If I have the following code:
#include <cuda.h>
#include <cuda/atomic>
#include <cassert>
#include <stdio.h>
__global__ void init(int* atomicCounters) {
atomicCounters[threadIdx.x] = 0;
}
__global__ void test(int* atomicCounters) {
for (auto i = 0; i < 100000; i++) {
__syncwarp();
int val = 1;
const auto old = atomicAdd(&atomicCounters[threadIdx.x], val);
const auto match_mask = __match_any_sync(-1u, old);
if (match_mask != -1u) {
printf("error, mask should be -1, but is $%x\n", match_mask);
assert(false);
}
}
__syncwarp();
if (threadIdx.x == 0) { printf("b: %i is done\n", blockIdx.x); }
}
int main() {
//error checking code omitted
int* atomicCounters;
cudaMalloc(&atomicCounters, 32 * sizeof(int));
init<<<1,32>>>(atomicCounters);
test<<<32,32>>>(atomicCounters);
cudaDeviceSynchronize();
}
Is the assert guaranteed to never fire?
I.e. if all threads in the warp increment their own counter, and these warps are always synchronized before doing the atomicAdd, will these adds never tear?
Link to godbolt: https://cuda.godbolt.org/z/aca9PrPcb
For reference, I'm using this use to update 3 counters in parallel atomically and I want to know if that is safe.
Something like (pseudo code):
int sum[3];
sum[0] = get_sum1();
sum[1] = get_sum2();
sum[2] = get_sum3(); sum[2] *= sum[2];
__syncwarp();
if (threadIdx.x < 3) {
atomicAdd(&counter[threadIdx.x], sum[threadIdx.x]);
}
///further down in the code
//query 3 counters
#include <cuda/atomic>
__syncwarp();
if (threadIdx.x < 3) {
auto old = counter[threadIdx.x].load(acquire);
assert(__match_any_sync(1+2+4, old) == (1+2+4));
}
I don't want to add a lock here, but just update the 3 counters in a synchronized manner. And I was thinking this should be safe provided I ensure all 3 values fall in the same cache-line.
You should never assume anything about the underlying hardware model in CUDA that Nvidia hasn't specifically told you. Don't speculate, don't sniff around bespoke hardware documents, if Nvidia hasn't told you to assume something, don't assume it, because it can come back to bite you.
For example, on some older nvidia hardware, it used to be possible to use shared memory between kernel invocations if you didn't specifically clear it yourself (there were other things to it, but that's the gist). But Nvidia's documentation explicitly stated to not assume this was the case. Many CUDA code bases relied on this for "performance" reasons, and now they do not work on most Nvidia GPUs today, since this behavior has not been preserved.
More relevant for your example, Nvidia hardware has historically not executed warps all at once, there used to be a concept of a "half warp", where only 16 threads actually executed at the same time, then the other 16, but you were still to treat the warp as a singular 32 thread "group", this is no longer true today with the latest hardware, but it's an example of what you can't rely on in hardware architecture.
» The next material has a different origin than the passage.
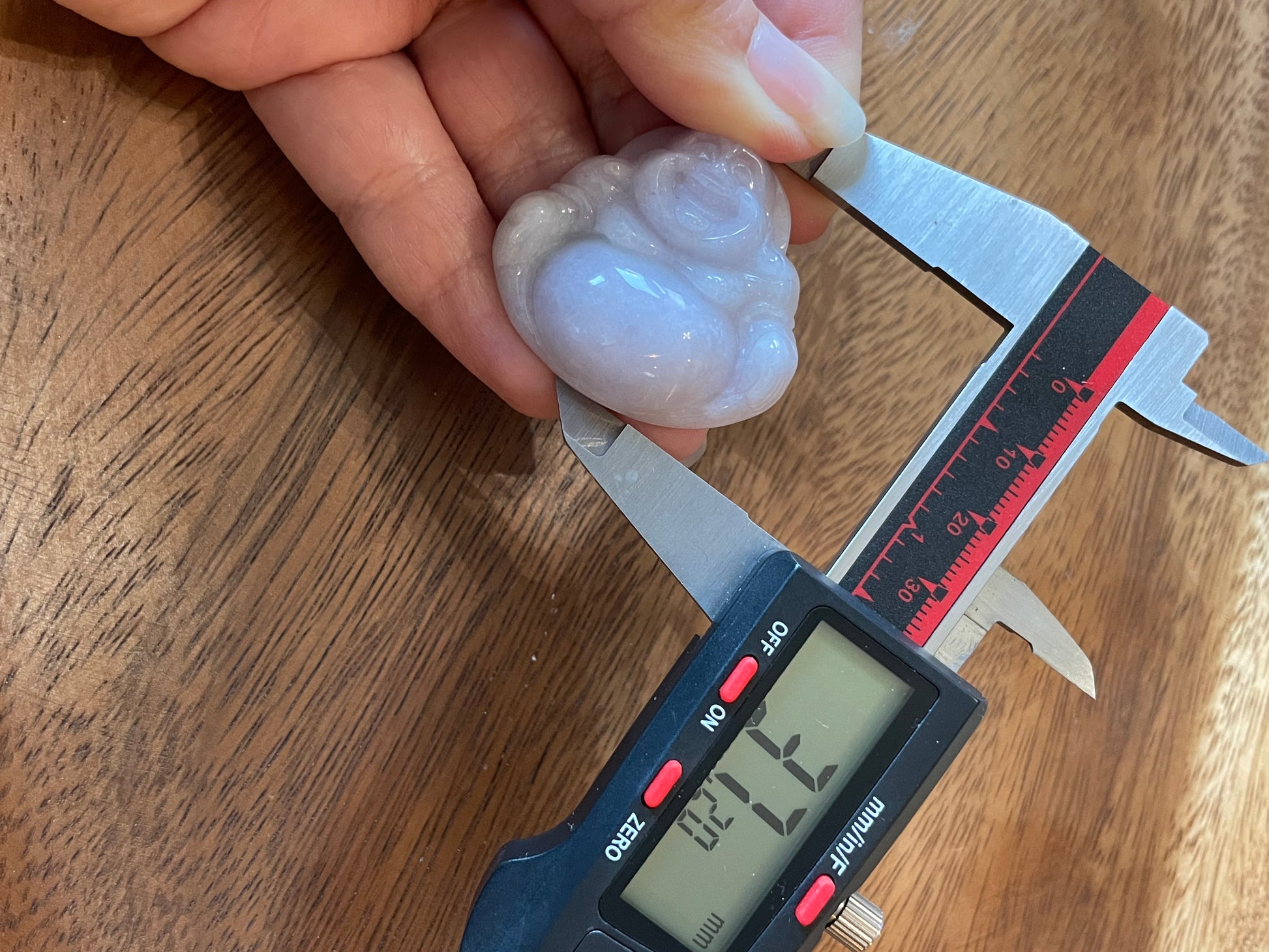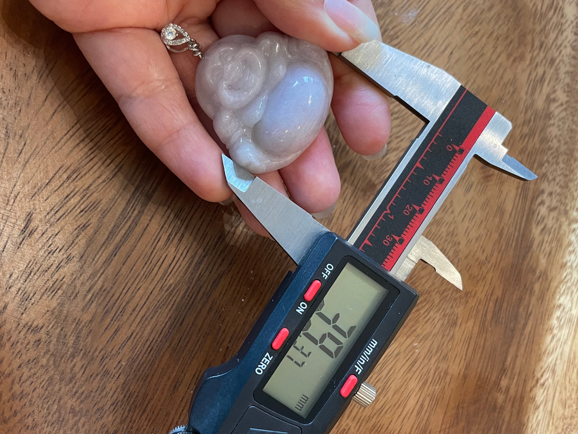 The jadeite pendant is an icy lavender buddha, it’s a very classic piece that can be worn casually and can be dress up. the piece is 37.24mm in height, 39.37mm in width and 13.03mm thick.

That kind of architecture alone could cause this:
const auto old = atomicAdd(&atomicCounters[threadIdx.x], val);
To not work with other thread blocks, but generally if any non uniformity in any other warps atomicAdd has the hypothetical potential to send any other single thread's out of sync in a CUDA compliant GPU architecture due to the constraints of atomic ordering.
To you're actual example:
I don't want to add a lock here, but just update the 3 counters in a synchronized manner. And I was thinking this should be safe provided I ensure all 3 values fall in the same cache-line.
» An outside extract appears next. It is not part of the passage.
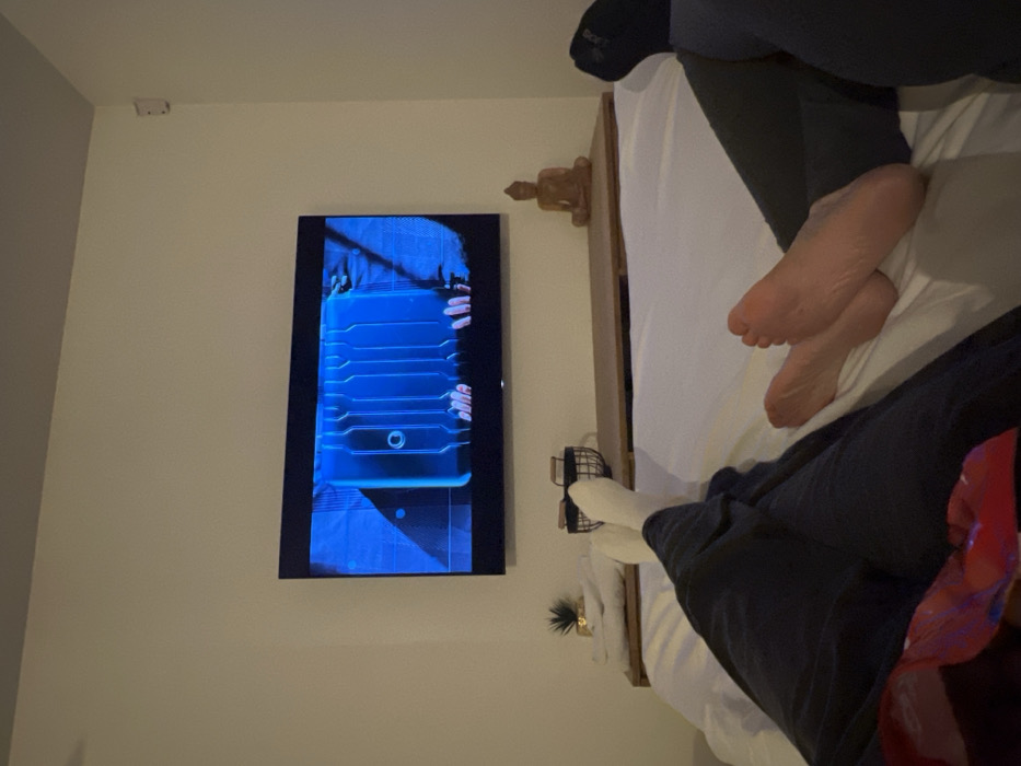 The image depicts two people laying on a bed with their feet visible. They are watching a movie on a large flat-screen television mounted on the wall in front of them. The television screen shows a scene with a blue-colored background. The bed is white with a white blanket. The bed is against a wall with a wooden shelf above it. On the shelf is a small potted plant, a small wicker basket, and a small wooden statue. The scene is located in a bedroom in Annecy, France. The GPS coordinates are 45.895, 6.13. The bedroom has white walls and beige carpet. The room is well lit with natural light coming through the windows. The people are wearing comfortable clothing, and the room is generally tidy. The scene appears to be peaceful and relaxed.

If you're attempting to atomic add, then that means you need atomic ordering of additions, which means you expect other threads to spuriously add to the same values you do. If that's the case, you can't guarantee anything about when those additions happen and when they are reflected in a completely different SM and warp. The cuda programming model does not define what happens here.
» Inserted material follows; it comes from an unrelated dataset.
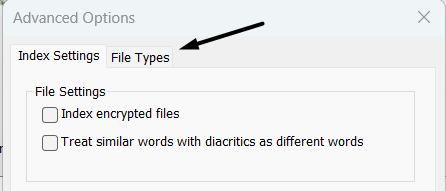 2.KliknijZaawansowanya następnie przejdź doTypy plikówaby przeglądać i edytować wszystkie formaty, które wyszukiwarka systemu Windows może indeksować.
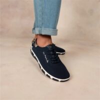 Voici la basket qui mixe vibes marines et chic urbain sans en faire trop 😍 La TBS JAZARIA en bleu profond twisté d’un détail métallisé à l’arrière apporte juste ce qu’il faut de lumière pour upgrader vos looks du quotidien ✨ Sa maille respirante épouse le pied avec douceur, sa construction soudée assure souplesse et légèreté à chaque pas, et son chaussant normal la rend facile à adopter illico 🙌 On adore sa semelle ultra flexible qui accompagne le mouvement naturellement, son confort longue durée grâce à la semelle intérieure amovible, et son esprit bord de mer revisité version city cool 🌊👟 À porter avec un jean retroussé, un pantalon blanc ou même une robe casual pour un look effortless mais toujours stylé 💫 Clairement, la paire parfaite pour courir partout… avec allure 😎

If you want to have an arbitrary amount of synchronized data, you need locks to deal with them. This is not any different than how it works in host code really (large atomics may turn into implicit locks underneath in C++). See Cuda atomics change flag for custom lock, or this cuda thread for modern solutions using libcu++ CUDA: release lock implemented by atomic operations and make your critical data volatile.